In recognition of her work in the field of educational psychology, Distinguished University Professor Dr. Patricia A. Alexander was named a National Academy of Education member.
In February 2020, she was named a member of the National Academy of Education, along with 14 other “exceptional” scholars across the country. The honor is marked with high distinction, and members are elected annually for their outstanding contributions and scholarship in education.
“I am honored to have Dr. Alexander on our faculty for her excellent scholarship and grateful that our College continues to play a leadership role in advancing diversity and inclusion at the university,” said College of Education Dean Jennifer King Rice. Earlier this year, Dr. Alexander was named a Distinguished University Professor, the university’s highest honor for scholarship and influence on their field.
The director of the Disciplined Reading and Learning Research Laboratory, Dr. Alexander viewed her recognition from the Academy as especially significant because of the renewed sense of importance ascribed to the literacy and learning research projects she and her students have underway.
“This has truly been an unbelievable year for me. First, to be named a Distinguished University Professor at the University of Maryland and then to learn that I had been elected to membership in the National Academy of Education--two of the highest professional honors to which I could aspire,” Dr. Alexander said, while also noting the valuable support of Dean Rice, HDQM Chair Mix, and Associate Dean KerryAnn O’Meara in the nomination process.

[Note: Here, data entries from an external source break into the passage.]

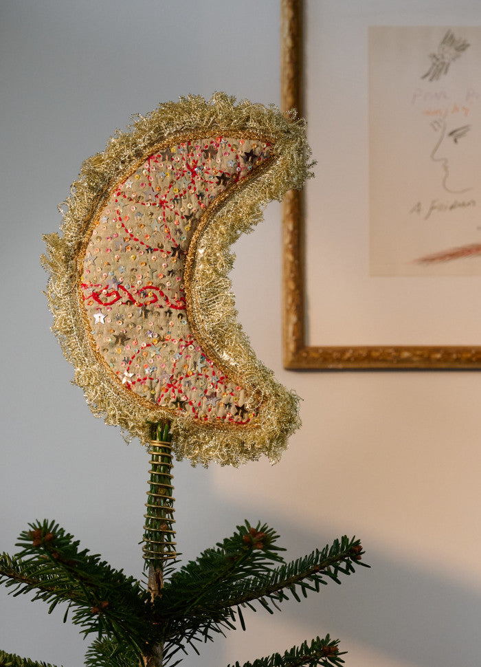 Top Moon is made from vintage kantha leftovers and is a top star made in a beautiful moon shape. It is perfect for decorating the most joyful Christmas tree and spreading the Christmas spirit within the home!
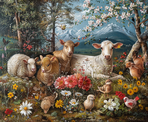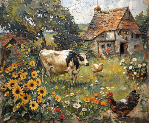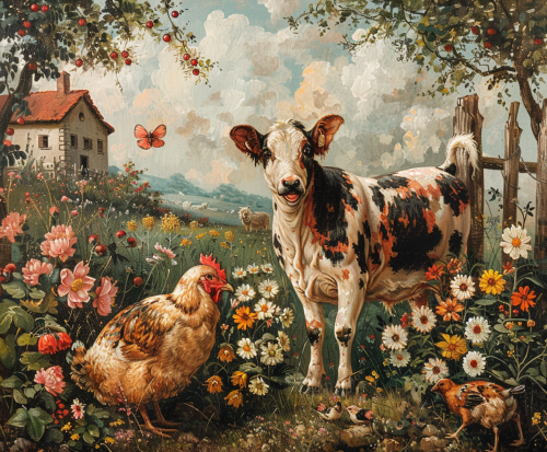 une image qui montre la basse-cour d'une ferme, avec une vache, une cochon, une poule et un coq, des chèvres et des lapins. Dans un style de peinture anïve --ar 6:5 --v 6.0 --s 250
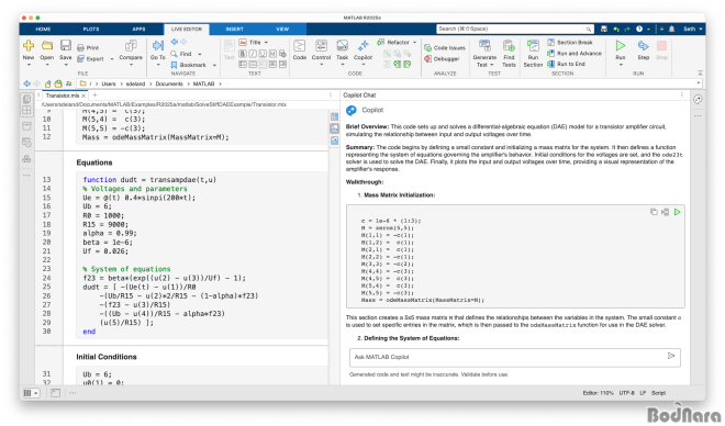 • äÆÃ ¹× ÇнÀ(Chat and Learn): »ç¿ëÀÚ´Â ¸ÅÆ®·¦ ÄÚÆÄÀÏ·µ äÆÃ(MATLAB Copilot Chat)¿¡¼ Áú¹®À» ÇÏ°í ¸Å½º¿÷½º ¹®¼¿Í ½ÇÁ¦ ÄÚµå ¿¹Á¦¸¦ ±â¹ÝÀ¸·Î ´äº¯À» ¹Þ¾Æ, ¸ÅÆ®·¦ ȯ°æÀ» ¹þ¾î³ªÁö ¾Ê°íµµ ½Å·ÚÇÒ ¼ö ÀÖ°í »óȲ¿¡ ¸Â´Â Á¤º¸¿¡ ºü¸£°Ô Á¢±ÙÇÒ ¼ö ÀÖ´Ù.

“It is my belief that with these great honors comes great responsibility. For that reason, I will use these awards as a platform to communicate my research to a broader national and international audience, and to promote the significant and transformational scholarship ongoing in the College of Education at the University of Maryland,” she said.
Dr. Alexander’s research focuses on academic development and learning, with an emphasis on literacy, reading comprehension and knowledge. She studies how people learn across different subject matters and across a lifespan.
A theoretician, her conceptual work has transformed the field of educational psychology, in particular through her development of the Model of Domain Learning, which took a novel approach to stages of learning in academic subjects; her groundbreaking research on learning through text; her work on relational reasoning, which is central to intelligence and relates to how people discern patterns in an informational stream; and issues of today’s society, like how a shift to digital reading affects learning.
Dr. Alexander has also received a number of other awards and honors, including the Sylvia Scribner Award, Division C, American Educational Research Association; the Edward Lee Thorndike Award for Career Achievement in Educational Psychology, Division 15, American Psychological Association; and being elected a Fellow of the American Educational Research Association.
Extremely prolific, she has been included in lists of the most productive educational psychologists from 1991 to 2014. One of the most accomplished and impactful scholars at the university, Dr. Alexander has been widely recognized for her excellence in the field of educational psychology.
“In my view, Dr. Alexander is, and has been for the better part of nearly three decades, the undisputed leader of our field and one of the preeminent thinkers and scholars in the field of education as a whole,” wrote Gale M. Sinatra, Stephen H. Crocker Chair of Education at the Rossier School of Education, in her Distinguished University Professor nomination letter.